'''
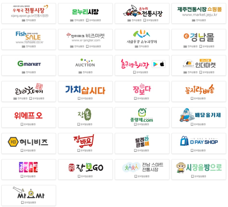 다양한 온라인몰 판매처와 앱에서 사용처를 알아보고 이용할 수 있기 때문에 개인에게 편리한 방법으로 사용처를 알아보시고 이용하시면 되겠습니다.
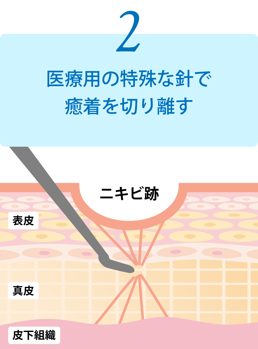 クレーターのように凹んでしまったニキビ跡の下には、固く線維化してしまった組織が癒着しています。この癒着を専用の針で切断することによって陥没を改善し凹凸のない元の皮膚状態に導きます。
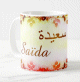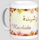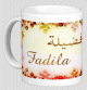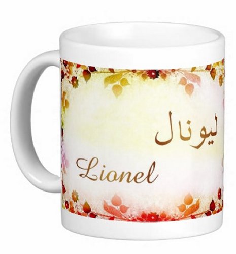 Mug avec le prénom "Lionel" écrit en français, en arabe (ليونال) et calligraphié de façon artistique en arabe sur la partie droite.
'''
'''
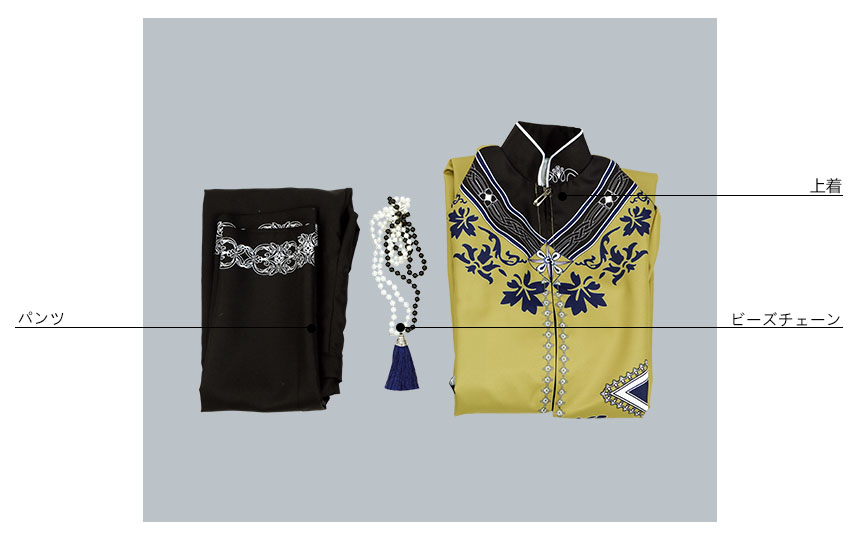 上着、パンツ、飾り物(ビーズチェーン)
'''
'''
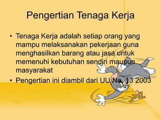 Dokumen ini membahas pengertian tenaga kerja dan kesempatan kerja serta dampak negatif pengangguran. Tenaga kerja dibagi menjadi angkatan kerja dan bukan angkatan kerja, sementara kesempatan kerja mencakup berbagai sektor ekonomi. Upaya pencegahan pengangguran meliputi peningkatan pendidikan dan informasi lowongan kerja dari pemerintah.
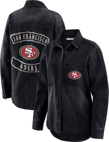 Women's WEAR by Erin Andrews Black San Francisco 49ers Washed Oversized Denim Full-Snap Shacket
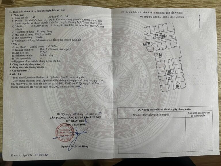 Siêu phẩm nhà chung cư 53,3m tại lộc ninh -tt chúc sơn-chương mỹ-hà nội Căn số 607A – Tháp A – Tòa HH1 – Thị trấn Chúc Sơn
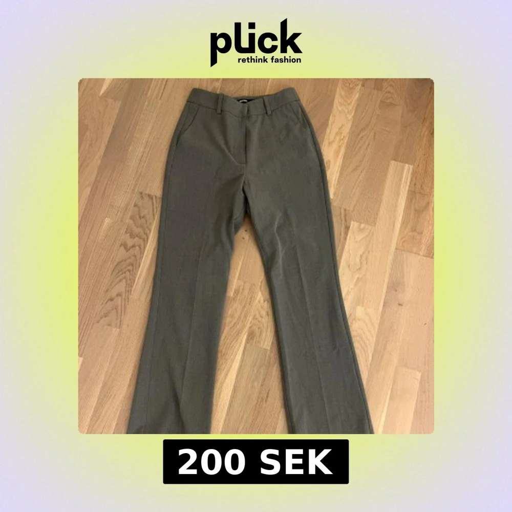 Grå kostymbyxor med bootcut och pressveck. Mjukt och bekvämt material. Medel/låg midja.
'''
The task: Where a picture appears in the records above, omit it, and transcribe exactly the stretch of lines from the one with "クレーターのように凹んでしま" through the one with "Mug avec le".

Exercise solution:
 クレーターのように凹んでしまったニキビ跡の下には、固く線維化してしまった組織が癒着しています。この癒着を専用の針で切断することによって陥没を改善し凹凸のない元の皮膚状態に導きます。
 Mug avec le prénom "Lionel" écrit en français, en arabe (ليونال) et calligraphié de façon artistique en arabe sur la partie droite.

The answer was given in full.